12.8 att.datable provides attributes for normalization of elements that contain datable events. - The att.datable groups the four attributes notBefore, notAfter, from, to. The TEI definition states that the following elements can have one or more of the four attributes: acquisition affiliation age binding birth custEvent date death education faith floruit langKnowledge langKnown nationality origDate origin persEvent persName persState persTrait provenance relation residence seal sex socecStatus time. In this list one finds 1) events (birth), 2) classification types (nationality) and 3) attributes (PersName). This makes the TEI into an unclear mixture of state orientation and event orientation view upon the world. For 1) events the attributes indicates the events place in time. For 2) classification types one may use E3 Condition State although sex is hardly a condition. This case is problematic. Case 3) is unclear. What does it mean when a persName has time attributtes?
11.2.3 Event (Event) any phenomenon or occurrence, not necessarily vocalized or communicative, for example incidental noises or other events affecting communication E5 Event Describes an event taking place in the real world at the time of the recording.
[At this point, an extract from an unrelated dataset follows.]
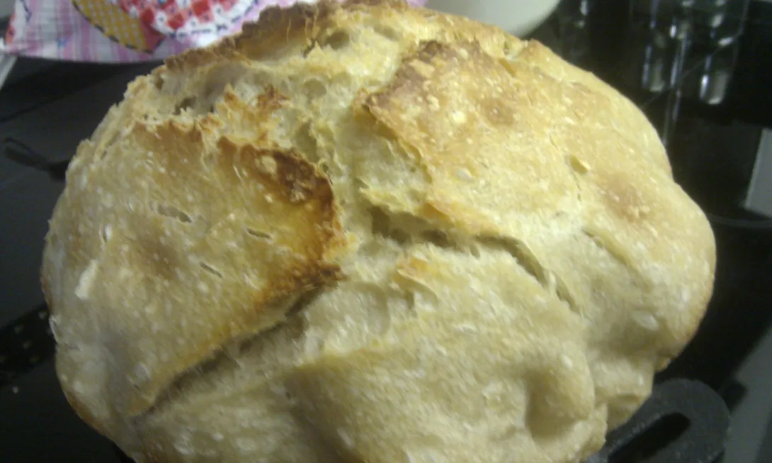 It's lumpy because it was so wet I didn't find a way to shape it without re-kneading it and decided to just move it to the DO in a parchment and let it rise about 50% there (the parchment folds gave it the bulby form).

The event is documented at a specific place on the recording.
20.4.2.3 persEvent contains a description of a particular event of significance in the life of a person E5 Event
20.4.2.3 birth (Birth details) contains information about a person's birth, such as its date and place. E67 Birth
20.4.2.3 death contains information about a person's death, such as its date and place. E69 Death
20.5 / 6.5.4 Date contains a date in any format. E49 Time Appellation, E52 Time-span, E61 Time Primitive A date without values in the attributtes can be mapped to a E52 Time-span with a E49 Time Appellation. The use of attributes may invoke additional time span instanciations.
20.5 Occasion (under date) a temporal expression (either a date or a time) given in terms of a named occasion such as a holiday, a named time of day, or some notable event Time Appellation and/or Event I may be a reoccuring event?
20.4.2 Person provides information about an identifiable individual, for example a participant in a language interaction, or a person referred to in a historical source. E21 Person Also personGrp: May be modelled as E74 Group, if "a group of individuals treated as a single person for analytic purposes" is always enough to define a group in the CRM sense. May also model sub-elements under person, and attributes.
18.2.1 Hand (used in the header to define each distinct scribe or handwriting style. E21 Person and/or E55 Type "to signal the person responsible ... for the writing..." E.g., this is a single real (but maybe unidentified) person (leaving "med påholden penn" aside). handShift may be modelled as an event involving two persons?
6.11.2.2 Author in a bibliographic reference, contains the name of the author(s), personal or corporate, of a work; the primary statement of responsibility for any bibliographic item E82 Actor Appellation --> P131 identifies --> E39 Actor --> P14 carried out (--> P14.1 in the role of --> E55 Type: author) --> E65 Creation Event This is an actor appelation. The rest of the model follows from the scope note.
6.5.1 Name (name, proper noun) contains a proper noun or noun phrase   E41 Appellation Also more detailled names in this chapter and 20 to be modelled similarly, with subclasses of appelation when applicable, also based on typing in attributes: "Specific subclasses of E41 Appellation should be used when instances of E41 Appellation of a characteristic form are used for particular objects."